▶ _WHAT TO DO_:
Your copy should match the listing below word for word, with no images in it.
DATA EXCERPT Start Marker
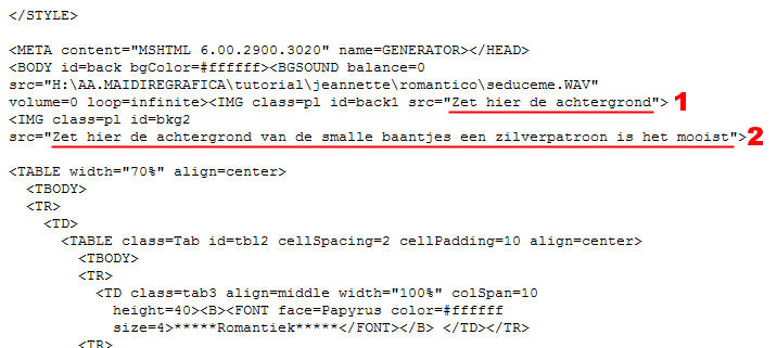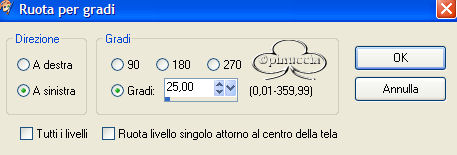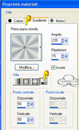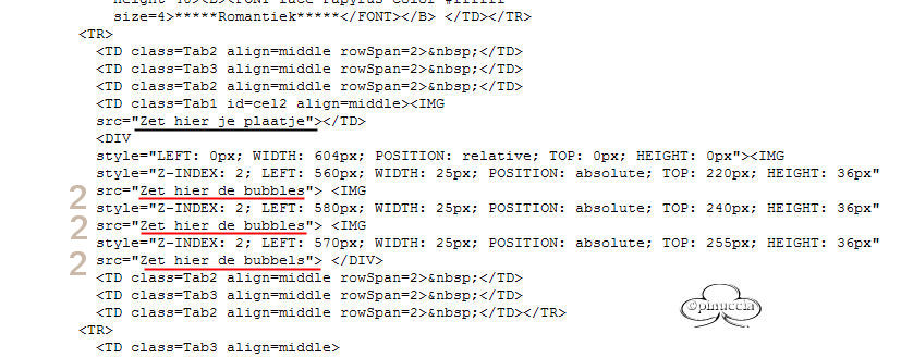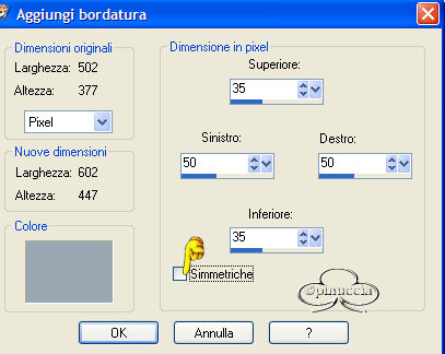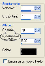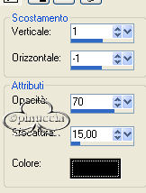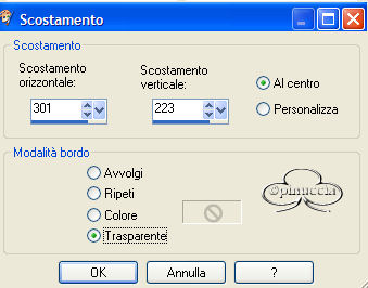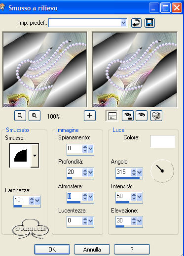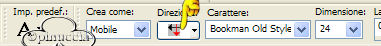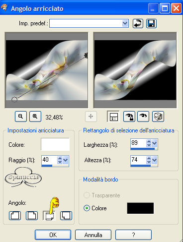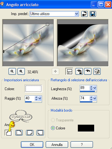 qui puoi trovare qualche risposta ai tuoi dubbi. Se l'argomento che ti interessa non è presente, ti prego di segnalarmelo. Materiale qui Il bel tube del fiore è di Nightangel, il resto è di Jeannette. Non aprire la gif "bubbles" in PSP: è una animazione che ti servirà, se vorrai usarlo, per lo script. Imposta il colore di primo piano con #ECE8DD, e il colore di sfondo con #9BA8B1. Crea un gradiente di primo piano/sfondo con i seguenti settaggi: ![]() 1. Apri il tube del fiore, duplicalo (shift+D) e chiudi l'originale. Continuerai a lavorare sulla copia. 2. Cancella i livelli del watermark e dello sfondo. un sistema più veloce per duplicare un tube senza i livelli del watermark e dello sfondo e quello di trascinare con il mouse il livello del tube sullo spazio vuoto. Avrai così il tube immediatamente "pulito". ![]() 3. Livelli>Nuovo livello raster. Riempi il nuovo livello con il gradiente.4. Nella paletta dei livelli sposta questo livello sotto quello del tube. 5. Posizionati sul livello del tube. Effetti>Effetti 3D>Sfalsa ombra: ![]() 6. Livelli>Unisci>Unisci tutto. 7. Effetti>Effetti di immagine, angolo arricciato: ![]() 8. Ripeti l'Effetto selezionando l'angolo opposto: ![]() 9. Clicca con la bacchetta magica sulle parti nere,e premi sulla tastiera il tasto CANC. Selezione>Nessuna selezione. 10. Clicca con la bacchetta magica sulle parti che adesso sono diventate grigie.11. Selezione>Inverti. Selezione>Modifica>Contrai di 1 pixel. Modifica>Copia. 12. Apri una nuova immagine trasparente 600 x 450 pixels, e riempila con il gradiente.13. Modifica>Incolla>Incolla come nuovo livello (hai incollato l'immagine precedente che avevi in memoria). 14. Effetti>Effetti 3D>Sfalsa ombra: ![]() 15. Apri nuovamente il tube del fiore. Posizionati sul livello del tube e vai a Modifica>Copia. Torna al tuo lavoro e vai a Modifica>Incolla>Incolla come nuovo livello. Spostalo in basso a destra.16. Livelli>Duplica. Immagine>Rifletti. 17. Nella paletta dei livelli sposta questo livello sotto il livello del fiore dentro la pagina con l'angolo arricciato: ![]() 18. Sposta il fiore nell'angolo a sinistra.19. Chiudi il livello del fiore dentro la pagina con l'angolo arricciato. 20. Apri il tube della coppia e vai a Modifica>copia. Torna al tuo lavoro e vai a Modifica>Incolla>Incolla come nuovo livello. Spostalo nell'angolo in alto a sinistra.Nella paletta dei livelli abbassa l'opacità di questo livello al 50%. 21. Riapri il livello con il fiore nella pagina con l'angolo arricciato. 22. Apri il tube con il bicchiere (martini.sdh). Immagine>Rifletti. Modifica>Copia. Torna al tuo lavoro e vai a Modifica>Incolla>Incolla come nuovo livello. 23. Cancella la parte di cannuccia che esce dal bordo del bicchiere.![]() 24. Attiva nuovamente il tube del bicchiere. Modifica>Annulla azione Rifletti. Modifica>Copia. Torna al tuo lavoro e vai a Modifica>Incolla>Incolla come nuovo livello. Spostalo a fianco del primo bicchiere.![]() 25. Apri il tube del gioiello (misc47) e vai a Modifica>Copia. Torna al tuo lavoro e vai a Modifica>Incolla>Incolla come nuovo livello. Spostalo in basso a sinistra.Effetti>Effetti 3D>Sfalsa ombra: ![]() 26. Controlla che tutto sia al posto giusto. Se necessario, sei ancora in tempo a spostare i tubes per sistemarli meglio. Quando sei soddisfatto: Livelli>Unisci>Unisci visibile. 27. Apri il tube delle perle e vai a Modifica>copia. Torna al tuo lavoro e vai a Modifica>Incolla>Incolla come nuovo livello. 28. Immagine>Ruota>Ruota per gradi, 25 gradi a sinistra, tutti i livelli non selezionato: ![]() 29. Attiva lo strumento Gomma cancella le parli della collana,che devono sembrare nascoste nell'angolo arricciato. ![]() ![]() 30. Livelli>Unisci>Unisci tutto. 31. Immagine>Ridimensiona, 500 x 375 pixels. 32. Regola>Messa a fuoco>Metti a fuoco. 33. Imagine>Aggiungi bordatura, 1 pixel, simmetriche, con il colore di primo piano. 34. Immagine>Aggiungi bordatura, simmetriche, non selezionato: ![]() Seleziona il bordo con la bacchetta magica ![]() 35. Effetti>Effetti di immagine>Scostamento: ![]() 36. Effetti>Effetti 3D>Smusso a rilievo: Attenzione!!!! Non distrarti, è smusso a rilievo, non smusso a incasso ![]() 37. Selezione>Nessuna selezione. 38. Clicca con la bacchetta magica sulle parti nere del bordo,e riempi con il gradiente.49. Selezione>Nessuna selezione. 40. Immagine>Aggiungi bordatura, 1 pixel, simmetriche, con il colore di primo piano. 41. Imposta il gradiente come colore di sfondo e chiudi il colore di primo piano. 42. Attiva lo strumento Testo , seleziona il font (standard di Window):Bookman Old Style, con i seguenti settaggi, direzione verticale,: ![]() e scrivi il tuo testo. 43. Effetti>Effetti 3D>sfalsa ombra: ![]() Ripeti l'Effetto Sfalsa ombra. Selezione>Nessuna selezione. La tag è finita. ![]() Se vuoi utilizzare lo script, ti servono anche due immagini di sfondo, e la gif "Bubble" (nello zip) che dovrai inserire nello script tre volte. ![]() Apri lo script di Jeannette che trovi qui (ho tolto il link, perchè il sito è chiuso, ma mantengo le istruzioni che possono servire per casi simili) e segui i preliminari descritti alla fine di questo tutorial, fino all'inserimento dello sfondo-suono. Clicca su Origine e identifica i punti di inserimenti dei vari elementi dello script. Dopo aver inserito lo sfondo-suono, dovrai indicare allo script dove trovare le immagini. Nella schermata sotto, sono indicati i punti di inserimento dei files dello script. Devi cancellare la scritta tra le virgolette e inserire il tuo percorso: 1=qui inserisci lo sfondo.
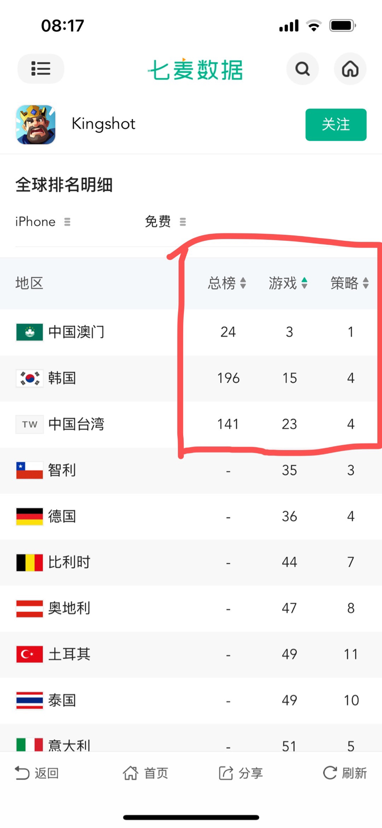$ST华通(SZ002602)$ Kingshot极有可能成为点点新的爆款,现在投放素材的几个地区排行节节攀升,特别是韩国是除中美日第4大游戏市场
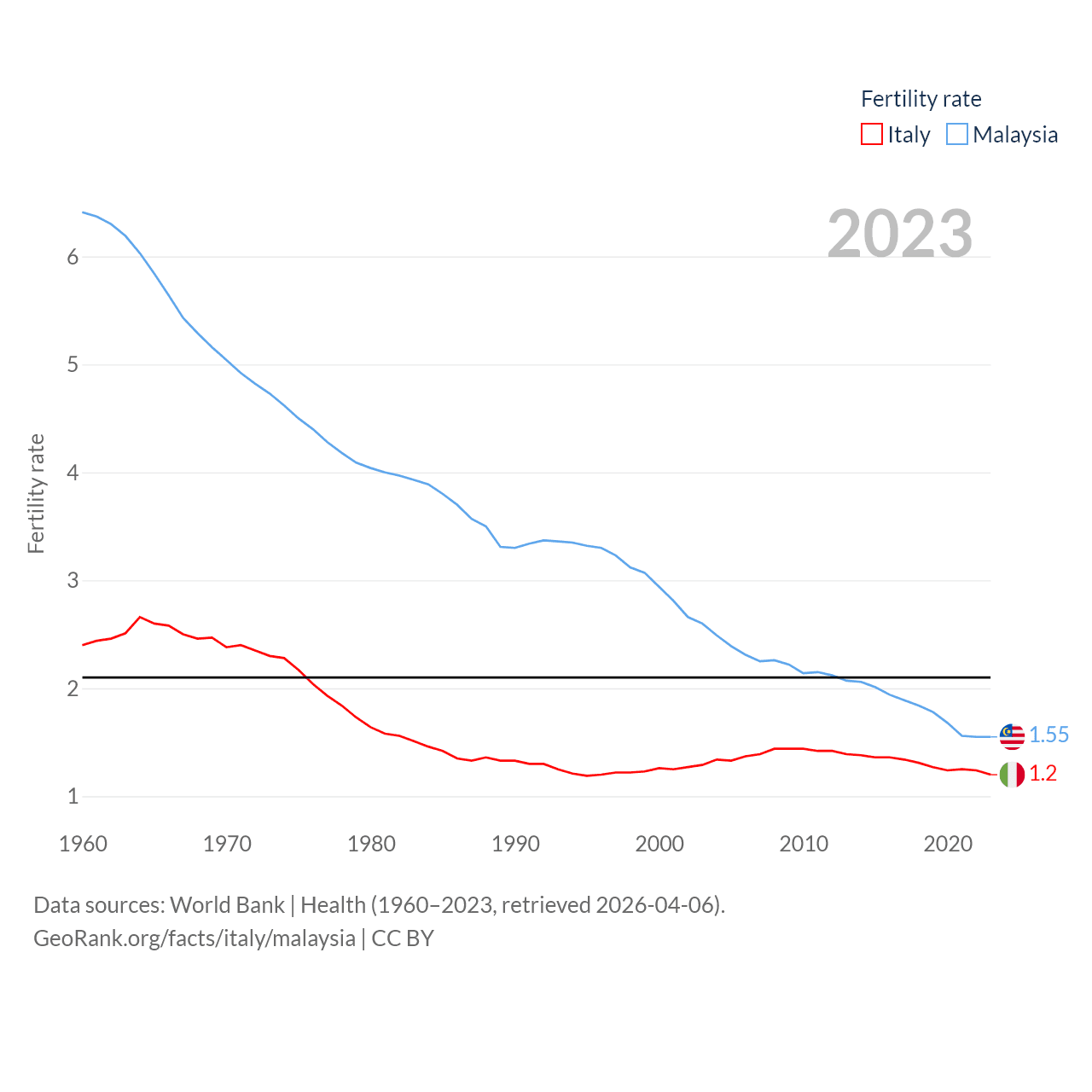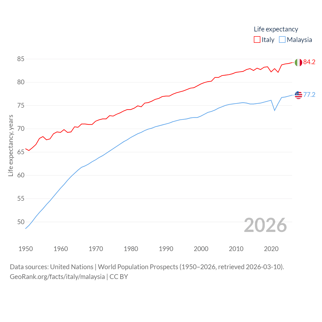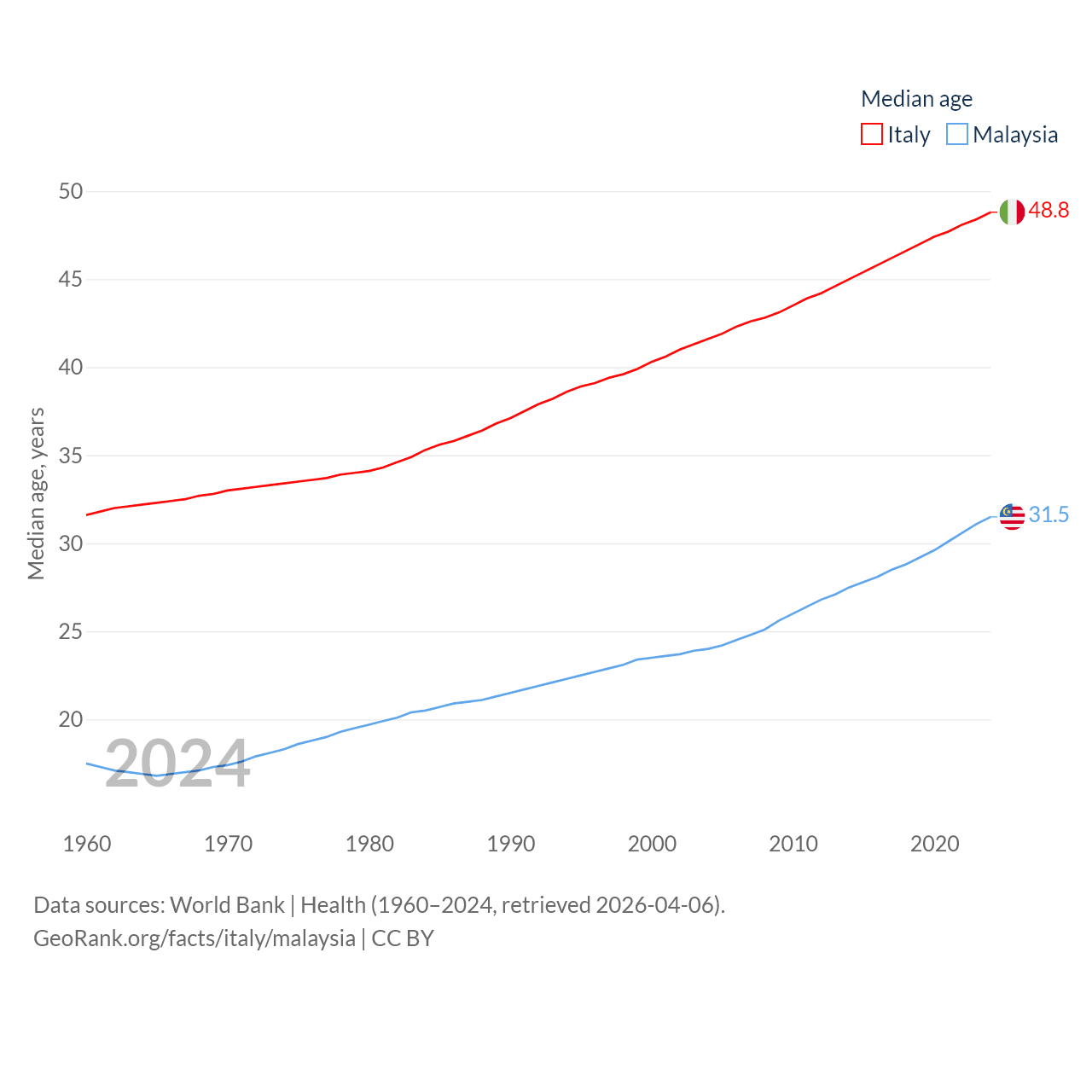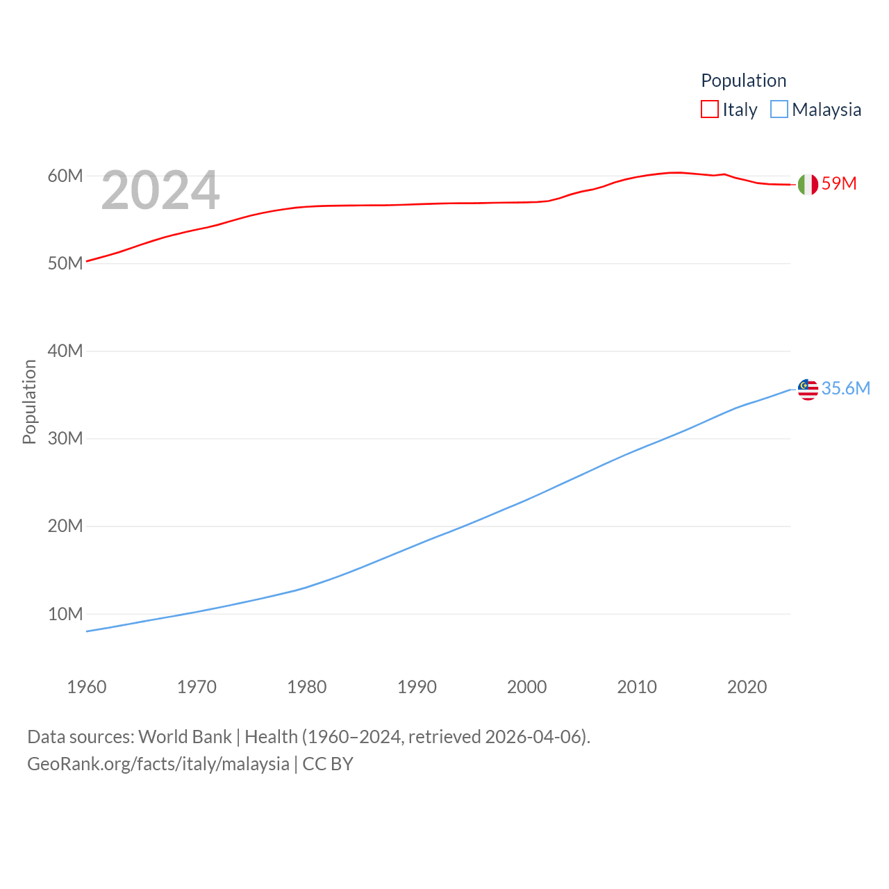 Italy has a population of 59M (ranked 25/197), compared with 35.6M in Malaysia (ranked 44/197). Italy's land area is 114,178 sq mi versus 126,854 sq mi for Malaysia (ranked 72nd vs. 65th).
DATA EXCERPT End Marker
▶ _YOUR SOLUTION_:
 qui puoi trovare qualche risposta ai tuoi dubbi. Se l'argomento che ti interessa non è presente, ti prego di segnalarmelo. Materiale qui Il bel tube del fiore è di Nightangel, il resto è di Jeannette. Non aprire la gif "bubbles" in PSP: è una animazione che ti servirà, se vorrai usarlo, per lo script. Imposta il colore di primo piano con #ECE8DD, e il colore di sfondo con #9BA8B1. Crea un gradiente di primo piano/sfondo con i seguenti settaggi: ![]() 1. Apri il tube del fiore, duplicalo (shift+D) e chiudi l'originale. Continuerai a lavorare sulla copia. 2. Cancella i livelli del watermark e dello sfondo. un sistema più veloce per duplicare un tube senza i livelli del watermark e dello sfondo e quello di trascinare con il mouse il livello del tube sullo spazio vuoto. Avrai così il tube immediatamente "pulito". ![]() 3. Livelli>Nuovo livello raster. Riempi il nuovo livello con il gradiente.4. Nella paletta dei livelli sposta questo livello sotto quello del tube. 5. Posizionati sul livello del tube. Effetti>Effetti 3D>Sfalsa ombra: ![]() 6. Livelli>Unisci>Unisci tutto. 7. Effetti>Effetti di immagine, angolo arricciato: ![]() 8. Ripeti l'Effetto selezionando l'angolo opposto: ![]() 9. Clicca con la bacchetta magica sulle parti nere,e premi sulla tastiera il tasto CANC. Selezione>Nessuna selezione. 10. Clicca con la bacchetta magica sulle parti che adesso sono diventate grigie.11. Selezione>Inverti. Selezione>Modifica>Contrai di 1 pixel. Modifica>Copia. 12. Apri una nuova immagine trasparente 600 x 450 pixels, e riempila con il gradiente.13. Modifica>Incolla>Incolla come nuovo livello (hai incollato l'immagine precedente che avevi in memoria). 14. Effetti>Effetti 3D>Sfalsa ombra: ![]() 15. Apri nuovamente il tube del fiore. Posizionati sul livello del tube e vai a Modifica>Copia. Torna al tuo lavoro e vai a Modifica>Incolla>Incolla come nuovo livello. Spostalo in basso a destra.16. Livelli>Duplica. Immagine>Rifletti. 17. Nella paletta dei livelli sposta questo livello sotto il livello del fiore dentro la pagina con l'angolo arricciato: ![]() 18. Sposta il fiore nell'angolo a sinistra.19. Chiudi il livello del fiore dentro la pagina con l'angolo arricciato. 20. Apri il tube della coppia e vai a Modifica>copia. Torna al tuo lavoro e vai a Modifica>Incolla>Incolla come nuovo livello. Spostalo nell'angolo in alto a sinistra.Nella paletta dei livelli abbassa l'opacità di questo livello al 50%. 21. Riapri il livello con il fiore nella pagina con l'angolo arricciato. 22. Apri il tube con il bicchiere (martini.sdh). Immagine>Rifletti. Modifica>Copia. Torna al tuo lavoro e vai a Modifica>Incolla>Incolla come nuovo livello. 23. Cancella la parte di cannuccia che esce dal bordo del bicchiere.![]() 24. Attiva nuovamente il tube del bicchiere. Modifica>Annulla azione Rifletti. Modifica>Copia. Torna al tuo lavoro e vai a Modifica>Incolla>Incolla come nuovo livello. Spostalo a fianco del primo bicchiere.![]() 25. Apri il tube del gioiello (misc47) e vai a Modifica>Copia. Torna al tuo lavoro e vai a Modifica>Incolla>Incolla come nuovo livello. Spostalo in basso a sinistra.Effetti>Effetti 3D>Sfalsa ombra: ![]() 26. Controlla che tutto sia al posto giusto. Se necessario, sei ancora in tempo a spostare i tubes per sistemarli meglio. Quando sei soddisfatto: Livelli>Unisci>Unisci visibile. 27. Apri il tube delle perle e vai a Modifica>copia. Torna al tuo lavoro e vai a Modifica>Incolla>Incolla come nuovo livello. 28. Immagine>Ruota>Ruota per gradi, 25 gradi a sinistra, tutti i livelli non selezionato: ![]() 29. Attiva lo strumento Gomma cancella le parli della collana,che devono sembrare nascoste nell'angolo arricciato. ![]() ![]() 30. Livelli>Unisci>Unisci tutto. 31. Immagine>Ridimensiona, 500 x 375 pixels. 32. Regola>Messa a fuoco>Metti a fuoco. 33. Imagine>Aggiungi bordatura, 1 pixel, simmetriche, con il colore di primo piano. 34. Immagine>Aggiungi bordatura, simmetriche, non selezionato: ![]() Seleziona il bordo con la bacchetta magica ![]() 35. Effetti>Effetti di immagine>Scostamento: ![]() 36. Effetti>Effetti 3D>Smusso a rilievo: Attenzione!!!! Non distrarti, è smusso a rilievo, non smusso a incasso ![]() 37. Selezione>Nessuna selezione. 38. Clicca con la bacchetta magica sulle parti nere del bordo,e riempi con il gradiente.49. Selezione>Nessuna selezione. 40. Immagine>Aggiungi bordatura, 1 pixel, simmetriche, con il colore di primo piano. 41. Imposta il gradiente come colore di sfondo e chiudi il colore di primo piano. 42. Attiva lo strumento Testo , seleziona il font (standard di Window):Bookman Old Style, con i seguenti settaggi, direzione verticale,: ![]() e scrivi il tuo testo. 43. Effetti>Effetti 3D>sfalsa ombra: ![]() Ripeti l'Effetto Sfalsa ombra. Selezione>Nessuna selezione. La tag è finita. ![]() Se vuoi utilizzare lo script, ti servono anche due immagini di sfondo, e la gif "Bubble" (nello zip) che dovrai inserire nello script tre volte. ![]() Apri lo script di Jeannette che trovi qui (ho tolto il link, perchè il sito è chiuso, ma mantengo le istruzioni che possono servire per casi simili) e segui i preliminari descritti alla fine di questo tutorial, fino all'inserimento dello sfondo-suono. Clicca su Origine e identifica i punti di inserimenti dei vari elementi dello script. Dopo aver inserito lo sfondo-suono, dovrai indicare allo script dove trovare le immagini. Nella schermata sotto, sono indicati i punti di inserimento dei files dello script. Devi cancellare la scritta tra le virgolette e inserire il tuo percorso: 1=qui inserisci lo sfondo.
$ST华通(SZ002602)$ Kingshot极有可能成为点点新的爆款,现在投放素材的几个地区排行节节攀升,特别是韩国是除中美日第4大游戏市场
 Italy has a population of 59M (ranked 25/197), compared with 35.6M in Malaysia (ranked 44/197). Italy's land area is 114,178 sq mi versus 126,854 sq mi for Malaysia (ranked 72nd vs. 65th).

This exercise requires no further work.